*** Supplied information ***

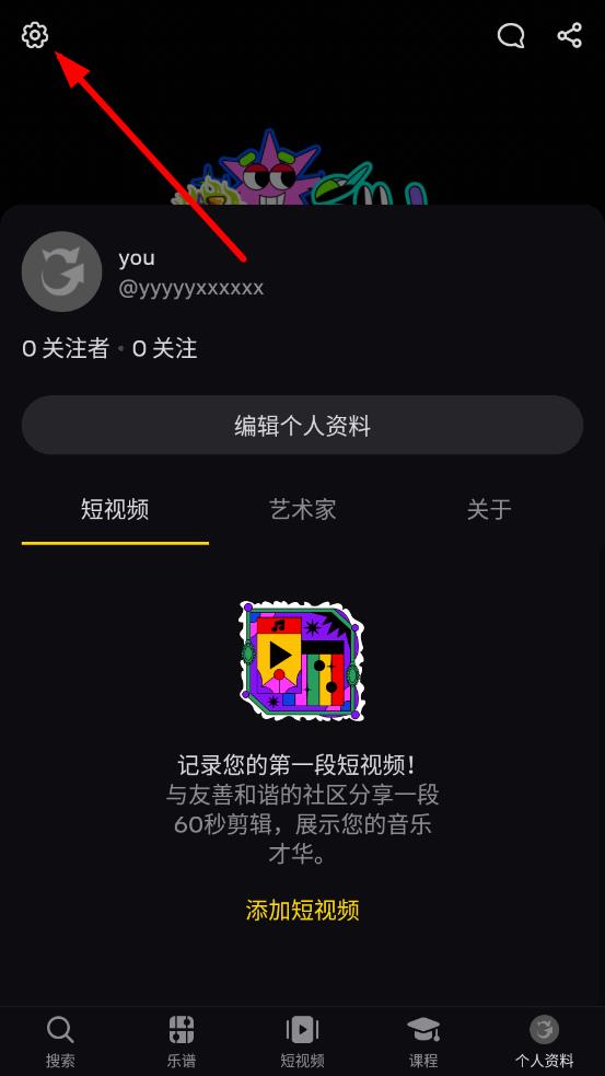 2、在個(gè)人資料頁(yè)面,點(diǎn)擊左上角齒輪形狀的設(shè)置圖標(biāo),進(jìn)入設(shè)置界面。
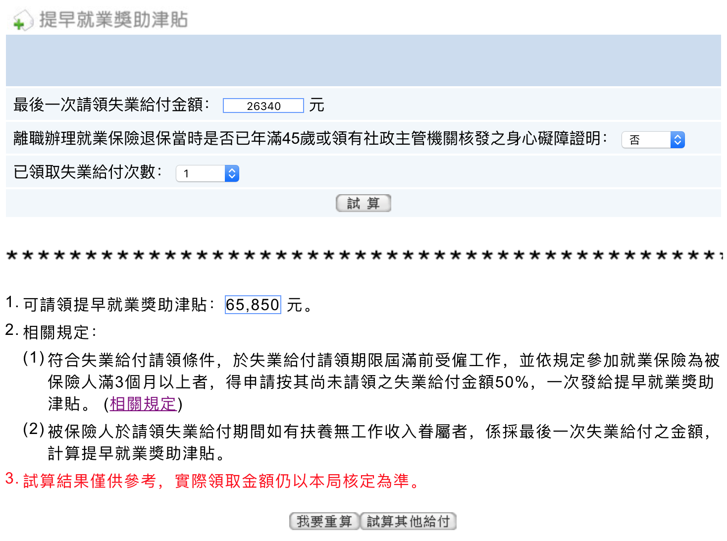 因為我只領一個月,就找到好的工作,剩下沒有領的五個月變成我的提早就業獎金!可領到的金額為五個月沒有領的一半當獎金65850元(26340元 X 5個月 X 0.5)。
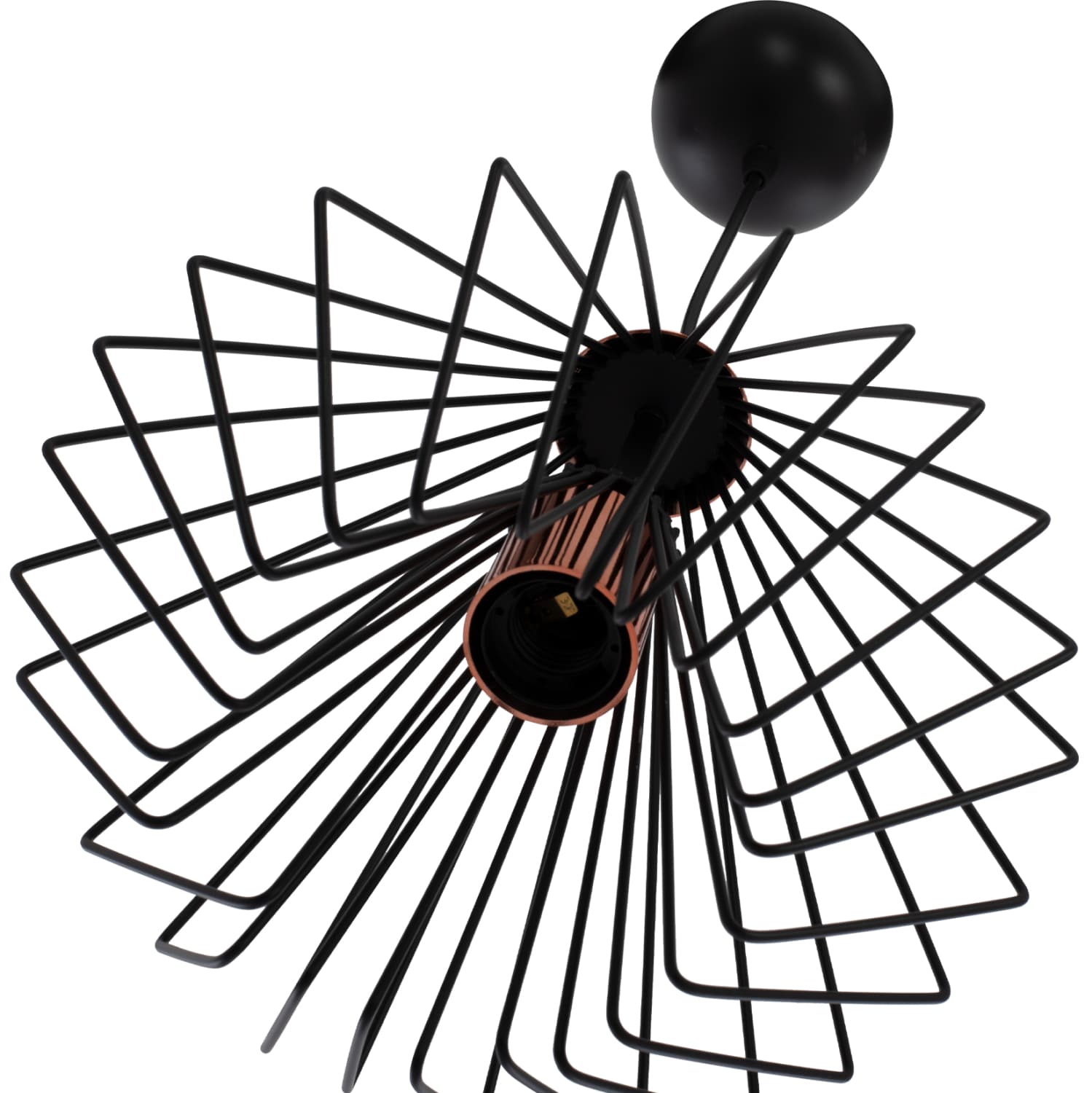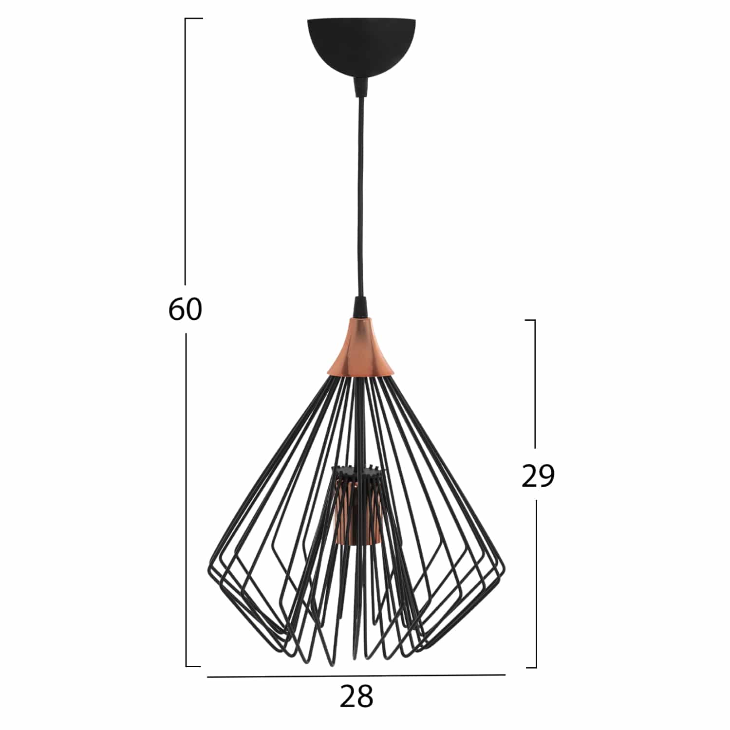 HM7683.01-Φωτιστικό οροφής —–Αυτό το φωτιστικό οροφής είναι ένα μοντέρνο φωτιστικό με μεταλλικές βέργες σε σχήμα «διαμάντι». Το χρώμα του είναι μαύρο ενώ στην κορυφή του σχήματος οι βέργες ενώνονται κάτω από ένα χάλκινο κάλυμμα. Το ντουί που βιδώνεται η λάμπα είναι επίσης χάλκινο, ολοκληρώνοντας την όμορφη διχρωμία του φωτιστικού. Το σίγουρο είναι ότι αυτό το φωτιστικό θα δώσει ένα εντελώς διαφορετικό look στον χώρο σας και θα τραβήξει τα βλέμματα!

*** End of Supplied information ***

Exclude the pictures and give back the rest of the data above exactly as written.

Answer:
 2、在個(gè)人資料頁(yè)面,點(diǎn)擊左上角齒輪形狀的設(shè)置圖標(biāo),進(jìn)入設(shè)置界面。
 因為我只領一個月,就找到好的工作,剩下沒有領的五個月變成我的提早就業獎金!可領到的金額為五個月沒有領的一半當獎金65850元(26340元 X 5個月 X 0.5)。
 HM7683.01-Φωτιστικό οροφής —–Αυτό το φωτιστικό οροφής είναι ένα μοντέρνο φωτιστικό με μεταλλικές βέργες σε σχήμα «διαμάντι». Το χρώμα του είναι μαύρο ενώ στην κορυφή του σχήματος οι βέργες ενώνονται κάτω από ένα χάλκινο κάλυμμα. Το ντουί που βιδώνεται η λάμπα είναι επίσης χάλκινο, ολοκληρώνοντας την όμορφη διχρωμία του φωτιστικού. Το σίγουρο είναι ότι αυτό το φωτιστικό θα δώσει ένα εντελώς διαφορετικό look στον χώρο σας και θα τραβήξει τα βλέμματα!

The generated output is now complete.